Better training was the main focus of Utah’s newly founded mine safety commission, in a report released this week to Gov. Jon Huntsman.
“The task has been challenging,” said Scott Matheson, Chairman of the commission. “The Mine Safety and Health Administration (MSHA) investigation of the Crandall Canyon tragedy is ongoing. We have not had the benefit of information from that investigation. The situation is dynamic with investigative and legislative activity in the U.S. Congress, new technological developments, and MSHA adjustments in how it regulates mine safety. Commission members brought diverse points of view to the issues at hand. Through it all, we stayed focused on the common goal to find steps the state can and should take to improve mine safety and reached consensus on numerous recommendations.”
According to the report, the Utah coal industry is vital to the economies of Carbon, Emery and Sevier Counties and to the state as a whole. In the last decade, Utah coal mines have produced roughly 25 million tons of coal each year and have directly employed an average 1,750 employees. In addition, the coal industry indirectly creates thousands of auxiliary jobs, including coal haulage services and coal-fired electric power plant operations. Revenue from Utah coal sales accounts for more than $500 million in Utah’s annual economy.
Utah currently receives the vast majority of its electricity from five coal-fired power plants located in Utah. In 2007, Utah’s coal-fired plants supplied 83 percent of all electricity generated in the state. In 2005, this percentage was roughly 95 percent, but several new natural gas power plants have come on line, reducing coal’s overall share. Four of the five coal-fired power plants in Utah are supplied solely with Utah coal; the fifth, the Bonanza Plant in Uintah County, receives its coal from a mine just over the border in Colorado.
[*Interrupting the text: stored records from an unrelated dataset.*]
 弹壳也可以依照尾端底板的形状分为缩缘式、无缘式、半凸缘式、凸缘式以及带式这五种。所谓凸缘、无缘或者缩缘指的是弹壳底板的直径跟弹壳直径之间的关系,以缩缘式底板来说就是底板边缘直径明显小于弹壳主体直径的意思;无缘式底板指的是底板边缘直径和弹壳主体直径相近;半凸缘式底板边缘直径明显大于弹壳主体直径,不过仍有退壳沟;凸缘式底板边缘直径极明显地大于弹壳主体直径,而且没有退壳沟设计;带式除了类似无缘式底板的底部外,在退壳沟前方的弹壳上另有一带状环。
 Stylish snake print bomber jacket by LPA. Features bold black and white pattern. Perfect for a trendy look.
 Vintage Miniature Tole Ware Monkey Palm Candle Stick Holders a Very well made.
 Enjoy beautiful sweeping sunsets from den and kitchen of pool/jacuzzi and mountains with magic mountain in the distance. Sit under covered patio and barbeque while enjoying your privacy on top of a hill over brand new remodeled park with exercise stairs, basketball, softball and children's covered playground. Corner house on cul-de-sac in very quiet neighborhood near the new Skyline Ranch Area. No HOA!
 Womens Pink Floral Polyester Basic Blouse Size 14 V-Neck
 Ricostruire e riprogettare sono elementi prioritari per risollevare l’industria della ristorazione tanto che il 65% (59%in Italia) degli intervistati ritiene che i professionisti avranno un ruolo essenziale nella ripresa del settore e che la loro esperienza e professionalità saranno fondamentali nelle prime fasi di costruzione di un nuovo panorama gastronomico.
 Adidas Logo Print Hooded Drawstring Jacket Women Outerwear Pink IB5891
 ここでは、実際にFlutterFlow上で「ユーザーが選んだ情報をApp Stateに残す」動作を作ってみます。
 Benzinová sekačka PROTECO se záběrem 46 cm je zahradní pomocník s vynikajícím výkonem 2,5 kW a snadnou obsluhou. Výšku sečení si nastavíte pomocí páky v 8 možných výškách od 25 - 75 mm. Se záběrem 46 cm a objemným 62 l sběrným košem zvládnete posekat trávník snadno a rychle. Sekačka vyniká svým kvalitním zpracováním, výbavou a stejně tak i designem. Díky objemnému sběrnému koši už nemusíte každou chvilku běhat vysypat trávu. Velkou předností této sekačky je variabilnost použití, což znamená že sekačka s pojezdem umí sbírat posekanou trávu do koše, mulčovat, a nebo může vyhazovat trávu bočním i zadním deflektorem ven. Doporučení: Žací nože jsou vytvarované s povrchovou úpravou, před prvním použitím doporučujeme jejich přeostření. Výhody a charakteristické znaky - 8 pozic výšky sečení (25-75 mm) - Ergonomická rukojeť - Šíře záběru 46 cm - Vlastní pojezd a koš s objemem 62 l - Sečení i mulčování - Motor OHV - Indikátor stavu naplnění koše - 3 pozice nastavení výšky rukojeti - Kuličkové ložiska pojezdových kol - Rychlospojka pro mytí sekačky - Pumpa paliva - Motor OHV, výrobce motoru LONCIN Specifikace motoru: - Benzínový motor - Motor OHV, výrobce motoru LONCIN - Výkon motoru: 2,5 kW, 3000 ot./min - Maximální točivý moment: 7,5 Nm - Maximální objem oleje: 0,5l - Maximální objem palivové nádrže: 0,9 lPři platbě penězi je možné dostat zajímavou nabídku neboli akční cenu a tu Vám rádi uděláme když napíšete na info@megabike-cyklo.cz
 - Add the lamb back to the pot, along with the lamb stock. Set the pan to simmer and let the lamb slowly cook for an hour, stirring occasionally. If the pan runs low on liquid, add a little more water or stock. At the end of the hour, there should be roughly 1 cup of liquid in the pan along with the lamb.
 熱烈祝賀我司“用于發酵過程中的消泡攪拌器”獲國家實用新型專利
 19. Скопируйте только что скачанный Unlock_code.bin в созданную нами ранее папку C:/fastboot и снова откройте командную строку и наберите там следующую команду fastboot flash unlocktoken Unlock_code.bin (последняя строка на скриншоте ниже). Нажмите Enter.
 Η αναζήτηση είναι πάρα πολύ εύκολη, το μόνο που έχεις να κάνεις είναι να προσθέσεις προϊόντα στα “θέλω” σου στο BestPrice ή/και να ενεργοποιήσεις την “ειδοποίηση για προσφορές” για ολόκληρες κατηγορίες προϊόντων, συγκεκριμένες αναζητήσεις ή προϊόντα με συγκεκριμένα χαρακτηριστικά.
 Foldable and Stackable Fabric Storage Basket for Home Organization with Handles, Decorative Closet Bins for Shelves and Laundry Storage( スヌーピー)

The Commission’s report recognizes that in coal mining, every region is different, every state is different, and every mine is different. The challenge of federal safety regulation is to be sufficiently flexible and adaptable to meet the widely varying mining conditions across the country. For three decades, the Utah coal community has relied almost exclusively on MSHA to provide safety regulation. The central question for the Commission is whether the state can add valuable safety improvements to the current federal regulatory system. Although every mine is different, Utah coal mining operations share some common features and face similar challenges. All of Utah’s coal mines are underground operations at deeper levels and with greater overburden than mines in other states. These features present risks that are not encountered in other states.
Although the coal industry’s place in Utah’s economy is significant, its prospects beyond approximately fifty years are uncertain, states the report. As high-quality, easily-reached reserves are depleted in the Book Cliffs and Wasatch Plateau coal fields, mining operations in those fields will encounter increasingly challenging conditions including greater mining depths.
To continue coal production in Utah, coal companies will also look to other Utah coal fields, such as the Emery and Alton fields, to meet future demand. Geologists calculate that 60 percent of Utah’s remaining reserves are located in the Kaiparowits Plateau coal field, which is unavailable to mining because it is located within the Grand Staircase- Escalante National Monument.
Although the investigation of the Crandal Canyon mine disaster is still ongoing, it is certain that the Western Energy Training Center along with other training sites in Utah will have their work cut out in order to provide a higher level of training to coal miners throughout the state.
“Coal mining is a dangerous profession and no matter how many disasters there are, as long as there is the demand for coal, there will be miners willing to go and get it,” said Marcus Palacios, former coal miner.